Depression often demonstrates itself in the cognitive profile with lower Performance than Verbal IQs (Gregory, 1987; Zimmerman & Woo-Sam, 1973). The reason for the higher Verbal IQ is generally believed to be due to impaired concentration, psychomotor retardation, anxiety, or low motivation. Indeed, some of the diagnostic signs of depression besides those of depressed mood include psychomotor retardation, fatigue, and diminished ability to concentrate or think (American Psychiatric Association, 1994). The size of the V-P pattern has not been consistent in the literature. This V > P pattern may be small, such as the 2.3-point difference on the WAIS for 21 patients with depression studied by Loro and Woodward (1976) or the 3.8-point difference on the WAIS-R for a sample of 62 adult patients with depression (Bornstein, Termeer, Longbrack, Heger, & North, 1989). However, it may average more than 15 points, as it did for Pernicano's (1986) sample of 12 male veterans hospitalized for depression who were administered the WAIS-R.
In a sample of unmedicated, medically healthy, middle-aged to elderly outpatients diagnosed with mild to moderate major depression, Boone et al. (1994) found a V > P pattern for three age groups from 46 to 85 years. Specifically, patients with depression ages 46-59 (N = 36), ages 60-69 (N = 23), and ages 70-85 (N = 14) were contrasted with patients who were not depressed in the same age range (Ns = 58, 54, and 41, respectively). All of the depressed samples showed a mean V > P pattern, with discrepancies of 3.3, 7.6, and 4.1 points, for the three respective age groups. The youngest two groups of controls (ages 46-59 and 60-69) also showed a V > P pattern, with discrepancies of 2.7 and 1.9 points, respectively. However, the 70 to 85-year-old controls showed the opposite pattern of P > V (3.3 points). Overall, the mean V > P difference for the depressed sample was 5 points and the corresponding difference for the controls was 0.5 points, which generally supports the association that is posited between depression and high Verbal IQ.

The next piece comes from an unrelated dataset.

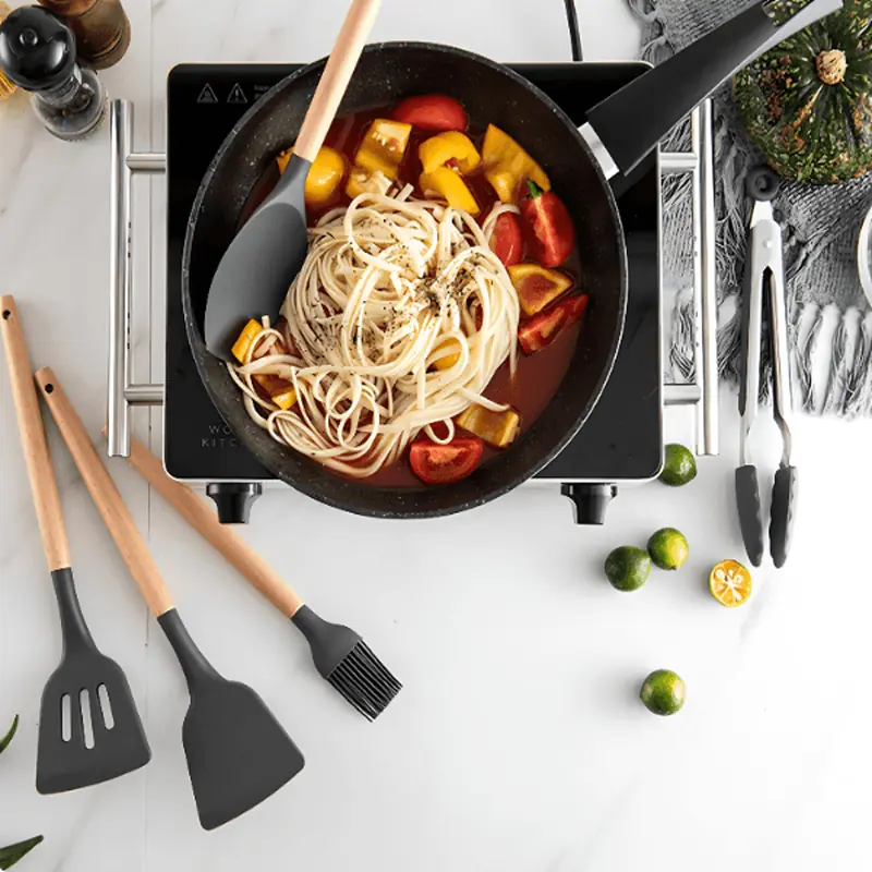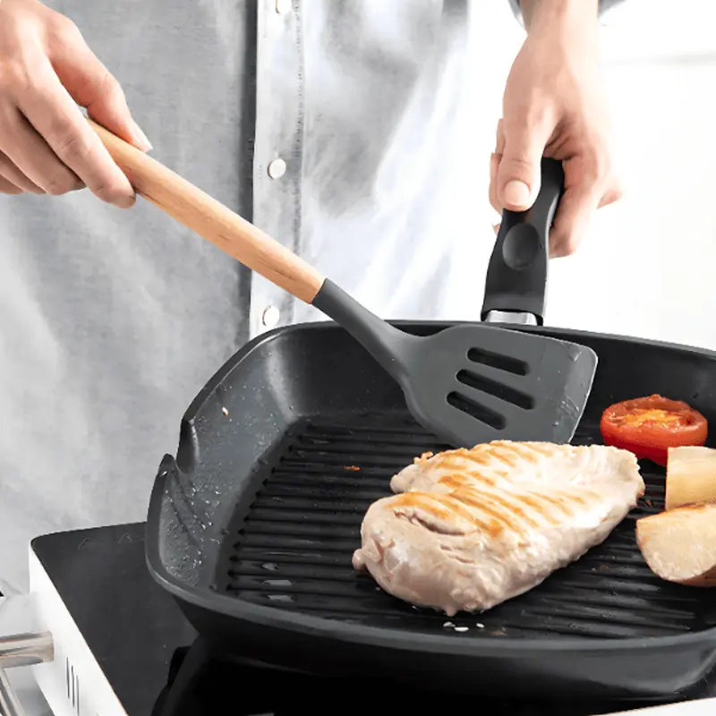 Od doručka do kasne večere, alati iz kompleta pomažu da svaki zadatak bude jednostavniji: nežno prevrtanje fileta, brzo mućenje dresinga, precizno serviranje paste ili suvog priloga. Drške se ne klizaju čak ni kada su vlažne, a balans težine smanjuje zamor ruke tokom dužeg rada. Za dodatnu sigurnost, radne ivice su glatke i fleksibilne, pa lako prate oblik posude i skupljaju svaki zalogaj.

Inpatients and outpatients with bipolar disorder have also been shown to obtain a V > P pattern on the Wechsler tests (Hoff et al., 1990; Nair, Muller, Gutbrodt, Buffet, & Schwartz, 1979). A sample of 35 inpatients with bipolar disorder (46% male; mean age = 36.5 years; 29% not medicated, 71% on lithium or another medication) obtained a 5.8-point V > P profile (Hoff et al., 1990). Additionally, a sample of 21 outpatients with bipolar disorder (38% male, mean age = 50), all on lithium therapy, obtained an 11-point V > P profile (WAIS V-IQ = 97.7 and P-IQ = 86.9; Nair et al., 1979). The sample's worst performance was in Digit Symbol, although the most interesting finding was the significant negative correlation between Performance IQ and duration of lithium therapy (r = -.52). The lowest P-IQs were earned by patients with bipolar disorder who had been on lithium therapy for the longest time. Those on lithium for the longest time also tended to be characterized by mental slowness. This slowness, rather than diminished accuracy, may account for the depressed P-IQ (Judd, Hubbard, Janowsky, Huey, & Takashi, 1977). Nonetheless, evidence from animal behavior studies (Johnson & Barker, 1972) suggests that lithium's effects may emerge by "impairing central analysis of stimulus input whereby significance is attached to sensory information" (p. 666). Consistent with both proposed explanations are the significant negative correlations between length of lithium therapy and the success of patients with bipolar disorder on Picture Arrangement and Digit Symbol (Nair et al., 1979).
Because of the various hypotheses advanced for the relatively low P-IQs of patients with depression and bipolar disorder, for example, psychomotor retardation, fatigue, and mental slowness, the WAIS-III factor index profile on these samples of patients will be especially interesting to evaluate. Of particular interest will be the relationship of POI to PSI, and the relationship of each of these nonverbal scales to VCI.